## Data extract
________________________
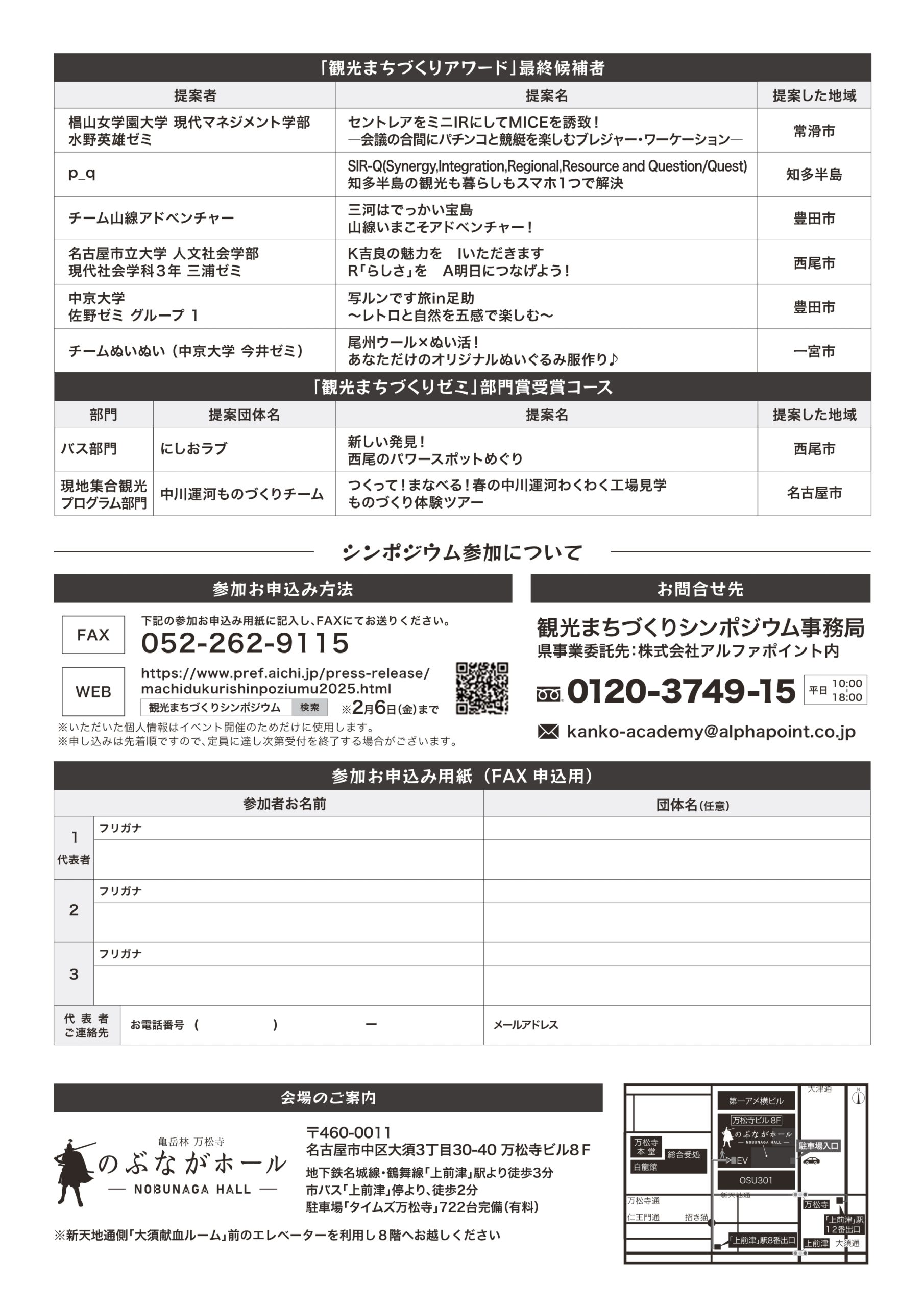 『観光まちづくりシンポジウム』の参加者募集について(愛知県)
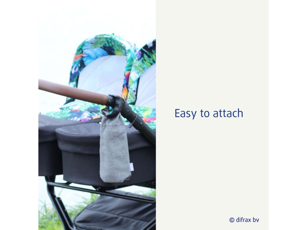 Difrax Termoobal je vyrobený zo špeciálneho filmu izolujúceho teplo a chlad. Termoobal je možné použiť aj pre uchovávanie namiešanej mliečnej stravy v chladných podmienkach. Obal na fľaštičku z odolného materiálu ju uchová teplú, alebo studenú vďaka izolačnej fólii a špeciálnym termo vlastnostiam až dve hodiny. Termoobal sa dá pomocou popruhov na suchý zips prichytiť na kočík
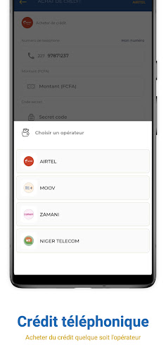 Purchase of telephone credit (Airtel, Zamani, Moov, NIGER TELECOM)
________________________
What you return must match the data above exactly, with no images included.

 『観光まちづくりシンポジウム』の参加者募集について(愛知県)
 Difrax Termoobal je vyrobený zo špeciálneho filmu izolujúceho teplo a chlad. Termoobal je možné použiť aj pre uchovávanie namiešanej mliečnej stravy v chladných podmienkach. Obal na fľaštičku z odolného materiálu ju uchová teplú, alebo studenú vďaka izolačnej fólii a špeciálnym termo vlastnostiam až dve hodiny. Termoobal sa dá pomocou popruhov na suchý zips prichytiť na kočík
 Purchase of telephone credit (Airtel, Zamani, Moov, NIGER TELECOM)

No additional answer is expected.